● Work task:
Repeat the data exactly. Pictures stay out.

● Data extract:

::::

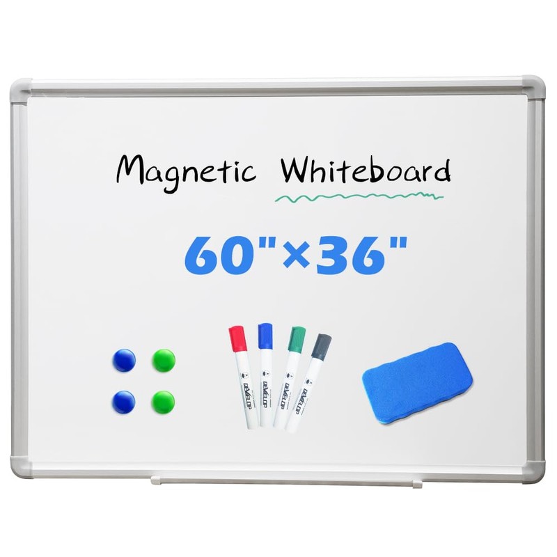 DEVELOP Large Magnetic Dry Erase Board, 60" X 36", Hanging Whiteboard for Home Office School Supplies, Silver Aluminium Frame with Detachable Marker Tray, 4 Markers, 1 Eraser and 4 Magnets
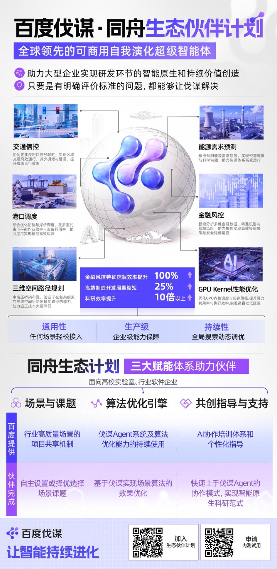 启动“同舟生态伙伴计划”,寻找千行百业“全局最优解”为了进一步加速AI在千行百业的渗透,让顶尖算法工程师将成为企业和科研标配,百度伐谋正式发布“同舟生态伙伴计划”,面向高校实验室、行业软件企业,开放高质量行业场景与课题,共享伐谋Agent系统及算法优化引擎,并提供AI协作培训与个性化服务指导。对于高质量伙伴的科研创新或产业实践项目,百度伐谋将提供全面免费支持。
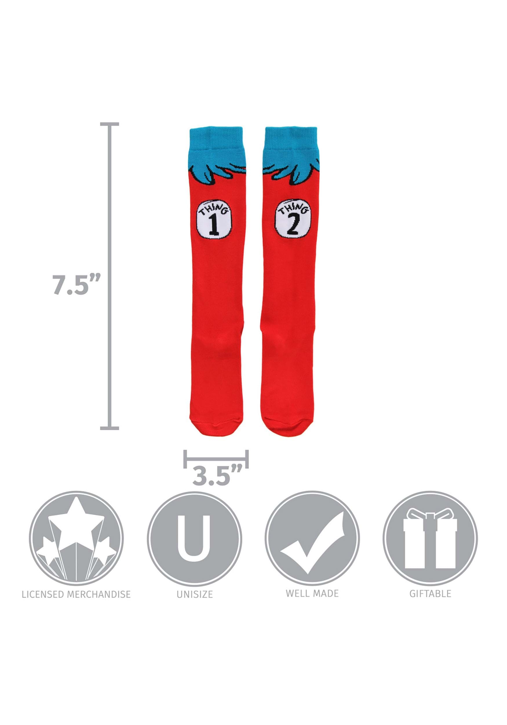 This is a pair of Thing 1 & 2 Costume Adult Socks.
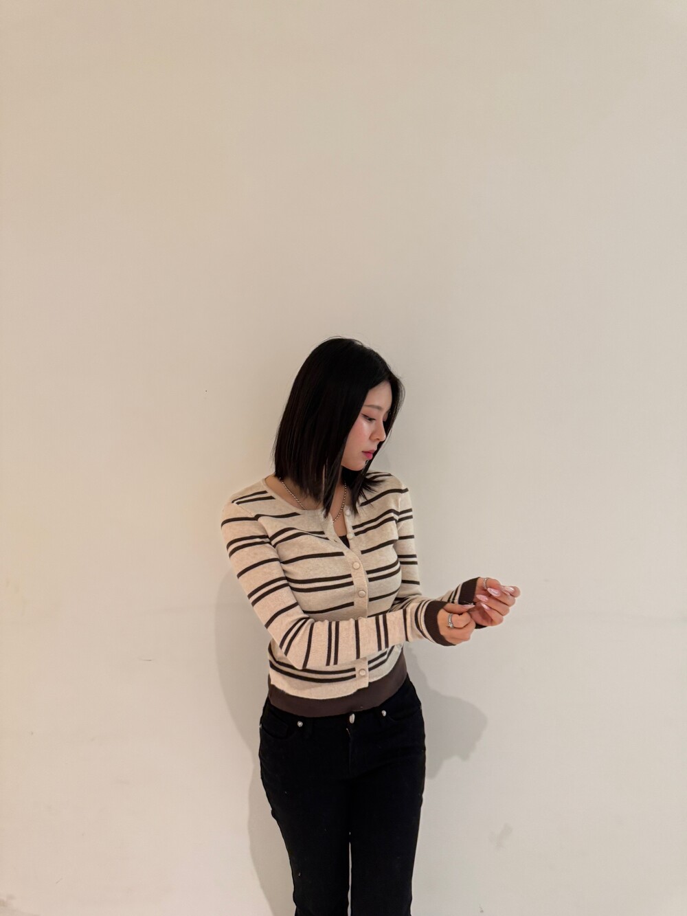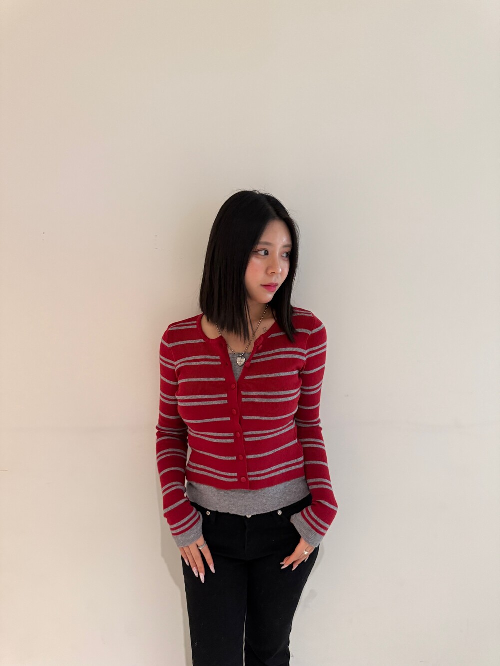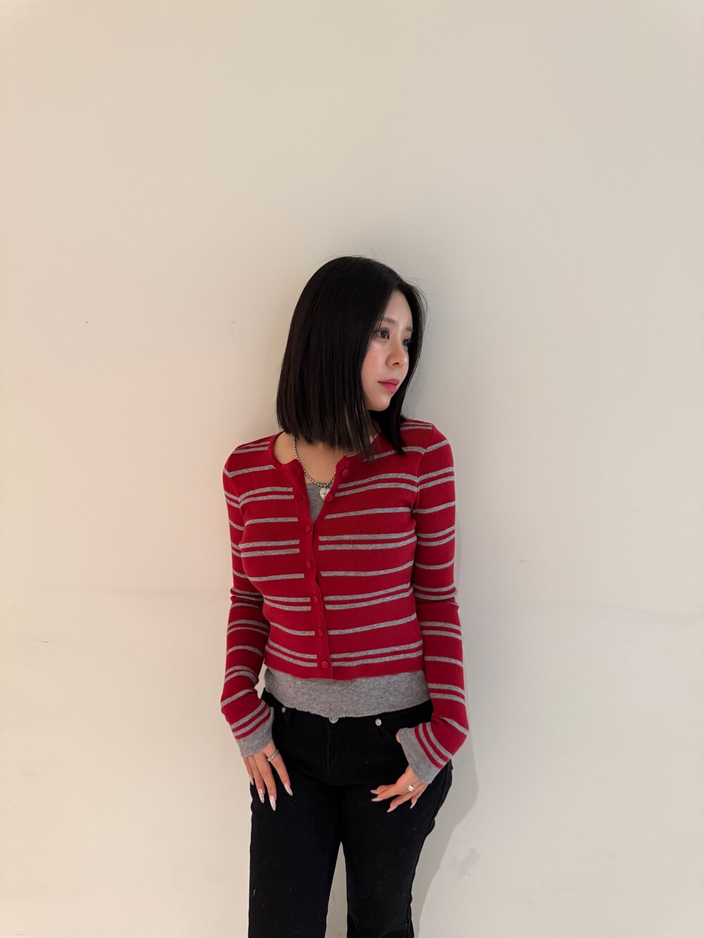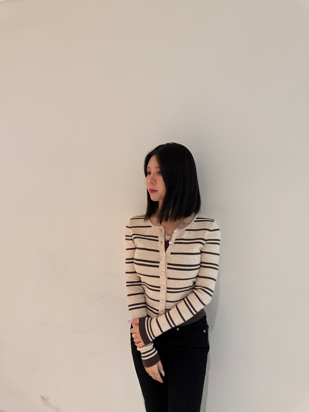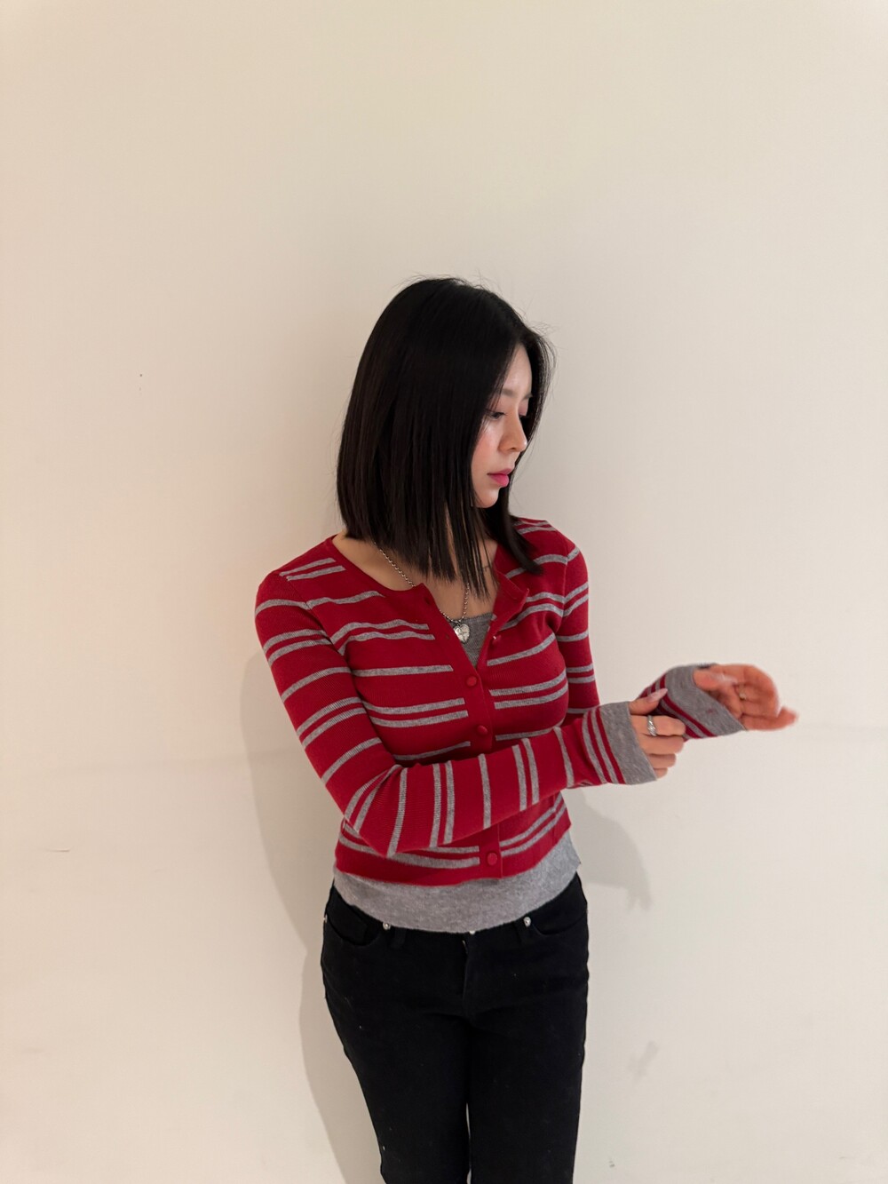 • 슬림한 실루엣의 배색 스트라이프 가디건

::::

● Result below:
 DEVELOP Large Magnetic Dry Erase Board, 60" X 36", Hanging Whiteboard for Home Office School Supplies, Silver Aluminium Frame with Detachable Marker Tray, 4 Markers, 1 Eraser and 4 Magnets
 启动“同舟生态伙伴计划”,寻找千行百业“全局最优解”为了进一步加速AI在千行百业的渗透,让顶尖算法工程师将成为企业和科研标配,百度伐谋正式发布“同舟生态伙伴计划”,面向高校实验室、行业软件企业,开放高质量行业场景与课题,共享伐谋Agent系统及算法优化引擎,并提供AI协作培训与个性化服务指导。对于高质量伙伴的科研创新或产业实践项目,百度伐谋将提供全面免费支持。
 This is a pair of Thing 1 & 2 Costume Adult Socks.
 • 슬림한 실루엣의 배색 스트라이프 가디건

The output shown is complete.